Posted by sh1mmer on Aug 23, 2008 in Geek Culture, Web Technology

I had an interest thought about the direction of some of Yahoo’s projects. It seems like a lot of the stuff Yahoo is working on are about helping people to aggregate and manage their data. Two of the most obvious public examples are Fire Eagle and Open ID.

What I think is particularly interesting is that neither of these things are products or applications in themselves. Neither of them tries to control what you do with your data and in fact they will happily let you to use the information anywhere on the web that supports it.

I think Yahoo is actually creating an interesting market here. I don’t think I’m going out on a limb to say Yahoo is a brand perceived as safe and family friendly. By providing tools to let average people safeguard and manage important parts of their identity Yahoo is creating a new trend in middleware.

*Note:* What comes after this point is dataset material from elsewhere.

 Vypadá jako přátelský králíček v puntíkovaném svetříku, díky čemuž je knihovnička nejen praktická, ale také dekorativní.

There has been some discussion recently about once you put something online how hard it is to manage thereafter. Conceptually Yahoo are positioning to help become your identity provider for the Web. Pick a brand you trust and let them act as a middleman between you and everyone else. Sites can put data in and sites can take data out but only if your middleman lets them.

Many people who support Open ID have stated an aim like this. Open ID allows SSO but it can also facilitate “attribute exchange”. This is where the Open ID provider passes the relying party¹ a number pieces of information (attributes) about the user logging in, assuming they say it’s ok. Right now Yahoo’s Open ID provider service allows users to pick a number of IDs they can use, from their Yahoo username, their Flickr username, to a random anonymous one. There is nothing that would stop Yahoo allowing you to associate a unique profile which each of these users. There is already a certain amount of evidence to show that the youth of today already do this kind of segmenting by hand and manage multiple online profiles.

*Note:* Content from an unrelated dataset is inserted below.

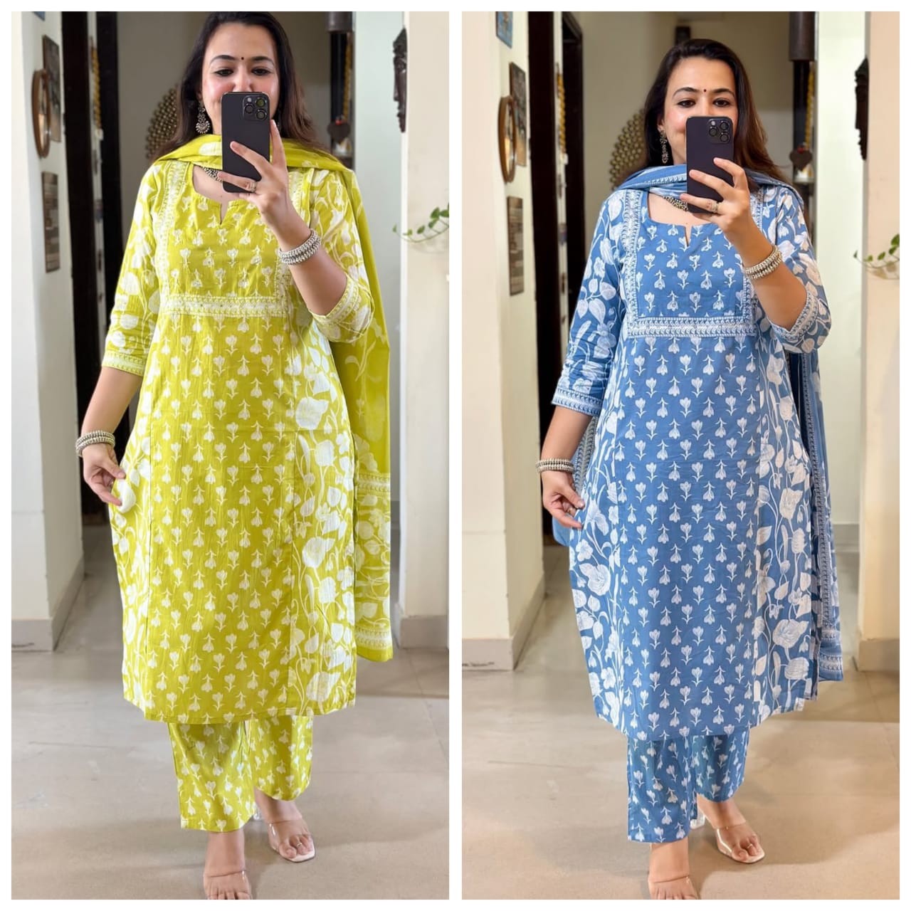 *Details -: Beautiful Cotton Fabric Kurti Pant & Dupatta*

I’d be interested in seeing what techniques can be applied to this information management. If you’ve ever seen the Facebook application TOS they are pretty harpdcore. You are allowed to store virtually nothing about the user in your own database. This is because Facebook are aware of the simple truth that once you share information you can’t unshare it. Look at the music industry, the properties of bits are not the same as those of physical objects. As such the only real protection you can offer the user is legal.

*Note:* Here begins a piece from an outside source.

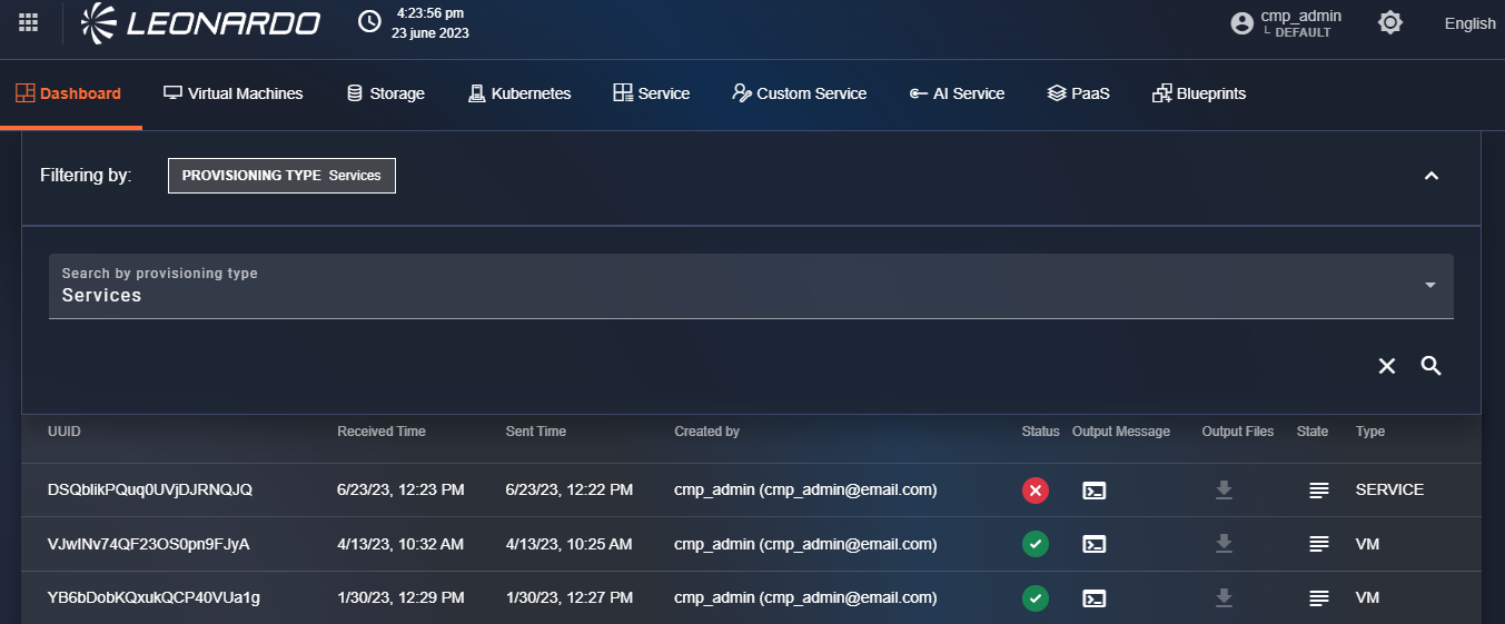 Specifically, the newly provisioned service will have a "Running" status in yellow, and subsequently, depending on the result, the status will also be updated to "Completed" in green or "Error" in red.

That said, obviously most people are happy to share information with many sites they use and let them store it. I’d like to see a much better way to represent the TOS so that a user could effectively review it before they share information. This a topic I discussed, yet again, at Leeds Barcamp. I want to see terms of service use a number of creative commons style attributes. Any additional terms they required would then be easy to identify and read. If you were using Open ID to sign in, it would be easy to define what you were happy to accept from a site and what you weren’t. Your Open ID provider could then easily flag any discrepancies to you before you login/signup.

Despite all of this I am not suggesting to say that Yahoo should own this potential market. However I think they are being extremely progressive in it. I’d love to see providers competing for consumer’s love. And, of course, since it’s all about being Open it’s not like anyone would stop you swapping providers. Not at least if they were sensible. I read a quote by a Sun exec (that I can’t seem to find) about making it easy for customers to leave, because they are much more likely to stay if they come back.